Comorbidity levels described by RUB were distributed as follows: RUB 3–71.14% (n = 700), RUB 4–21.65% (n = 213), RUB 5–7.22% (n = 71).

We found the diagnosis of heart failure in 10.06% (n = 99) of patients with the diagnosis of COPD.

Univariate analysis resulted in an odds ratio of mortality in patients with COPD and coexisting heart failure of 7.06 (95% CI 3.88–12.84). The highest level of other comorbidities was the next important variable that influenced mortality (Table 1).

Table 1.

Odds ratios of mortality in patients with COPD – univariate analyses of different variables used

OR (95%CI) OR (95%CI)
Heart failure 7.06 (3.88–12.84)
Age 1.13 (1.11–1.14)
Male sex 1.78 (1.38–2.30)
RUB 4 2.03 (1.48–2.78)
RUB 5 4.78 (2.61–8.74)

Adjusting for age resulted in odds ratio 3.76 (95% CI 1.98–7.16) and for age and male sex in odds ratio 3.75 (95% CI 1.79–3.26 (1.70–6.25). Further adjusting for other comorbidities resulted in odds ratio 3.26 (95% CI 1.70–6.25). Adjusted odds ratios are presented in Table 2.

Table 2.

Odds ratios (OR) of mortality in heart failure in patients with COPD adjusted for different variables used

Variables OR (95%CI)
Heart failure 7.06 (3.88–12.84)
Heart failure, age 3.76 (1.98–7.16)
Heart failure, age, male sex 3.75 (1.97–7.15)
Heart failure, age, male sex, other comorbidities 3.26 (1.70–6.25)
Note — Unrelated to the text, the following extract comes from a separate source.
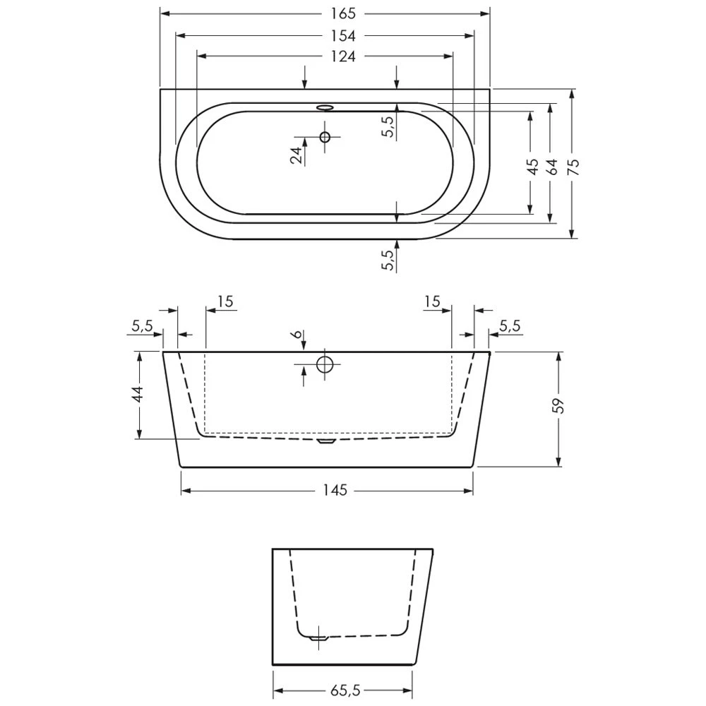 Repabad Livorno Oval F Badewanne Wand 165 x 75 cm

Multiple logistic regression showed that the mortality was associated with age and male sex but the strongest risk factor for mortality was the highest comorbidity level – RUB 5 where the odds ratio was 5.19 (95% CI 2.59–10.38) (Table 3). The most common comorbid diagnoses in our material were: hypertension (20%), ischaemic heart disease (12.7%), diabetes mellitus (12.6%) and atrial fibrillation (7.9%). The odds ratio was the highest for RUB 5,even after adjusting for those comorbid diagnoses (Table 4).

Table 3.

Importance of different variables for mortality in patients with COPD. Odds ratios (OR) were adjusted for all other variables

Variables Adjusted OR (95%CI)
Heart failure 3.26 (1.70–6.25)
Age 1.12 (1.10–1.14)
Male sex 1.37 (1.02–1.85)
RUB 4 1.82 (1.26–2.65)
RUB 5 5.19 (2.59–10.38)

Table 4.

Importance of different variables including the most common comorbid diagnoses for mortality in patients with COPD. Odds ratios (OR) were adjusted for all other variable

Variables Adjusted OR (95% CI)
Heart failure 3.79 (1.94 -7.43)
Hypertension 0.56 (0.39 - 0.81)
Ischemic heart disease 0.94 (0.58 - 1.51)
Diabetes mellitus 1.76 (1.12 - 2.78)
Atrial fibrillation 2.07 (1.08 - 3.96)
Age 1.08 (1.07-1.10)
Male sex 1.56 (1.16 - 2.09)
RUB 4 1.82 (1.26 - 2.62)
RUB 5 5.22 (2.64 -10.32)

Discussion

We found that the odds of eight year mortality in patients with COPD and coexisting heart failure were seven times higher than in patients with COPD alone. Other comorbidities were found to be a very important factor affecting mortality in patients with COPD and coexisting heart failure.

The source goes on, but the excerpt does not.